Конечно, многое из этого сна наверняка было как-нибудь по-другому, но я бы уже не смогла этого вспомнить. Думая об этом, я лежала на свежей колючей траве около издательства «Тишина», где вот уже три года работала заместителем главного редактора. Но, увы, я уже не припомню, когда в последний раз мне доводилось его «замещать». Он никогда не болел и никогда не брал себе отпуск. Словом, был на своем рабочем месте в любое время года и суток. Там он ел и спал, там отдыхал и коротал время, когда выдавался выходной, но отдыхать, кроме как за работой, он не умел. Он брал на себя больше всего работы, задерживался допоздна, а потом мы находили его распластанным на своем рабочем столе в окружении горячего монитора, который так и не погас, каких-то пустых контейнеров после еды, окурков и почерневших кружек с кофейными остатками и засохшими чайными пакетиками, которые от стаканов и чашек можно было отдирать, казалось, только вместе с эмалью.

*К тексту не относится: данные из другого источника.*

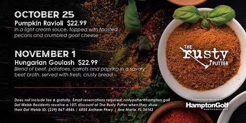 - Saturday Chef's Table is hosted at "6005 Anthem Pkwy, Ave Maria, FL, United States, Florida 34142".

Его звали Самсонов Тихон Владиславович. Но мы звали друг друга исключительно по фамилиям. Иногда я ловила себя на мысли, что не помню чьи-нибудь имена, но фамилии сотрудников почему-то помнила безошибочно. Наверное, потому, что на каждом рабочем столе стояла табличка с фамилией и инициалами его владельца. Фамилии были фамилиями, а имя и отчество были обычными буквами, которые и в голову никому не приходило запоминать.

Единственное, что отличало меня от других рядовых редакторов, было то, что я могла сама отбирать для себя литературу, с которой буду работать. Может, это и была некоторая привилегия, но чаще всего я терялась в своем выборе и думала, что было бы куда проще, если бы кто-то решал за меня. Отбирал список, загружал тексты в мой рабочий компьютер, а я просто приходила, заваривала себе кофе и делала то, что должна была делать.

В месяц у каждого было определенное количество книг, которое нужно было вылизать от корки до корки. Иногда на одну книгу у меня уходило чуть меньше времени, иногда чуть больше, а иногда работа и вовсе затягивалась, когда дело приходилось иметь с совершенно бездарными авторами. В их книгах приходилось переделывать практически все, и тогда первоначальный и готовый варианты были похожи друг на друга разве что только идеей. Это как два совершенно противоположных друг другу человека, что внешне, что внутренне, которых объединяло лишь общее имя. Но за это платили деньги, часто совершенно немаленькие. И что, как не профессиональный глаз, заточенный на создание бестселлера, мог сделать из камней и палок конфетку?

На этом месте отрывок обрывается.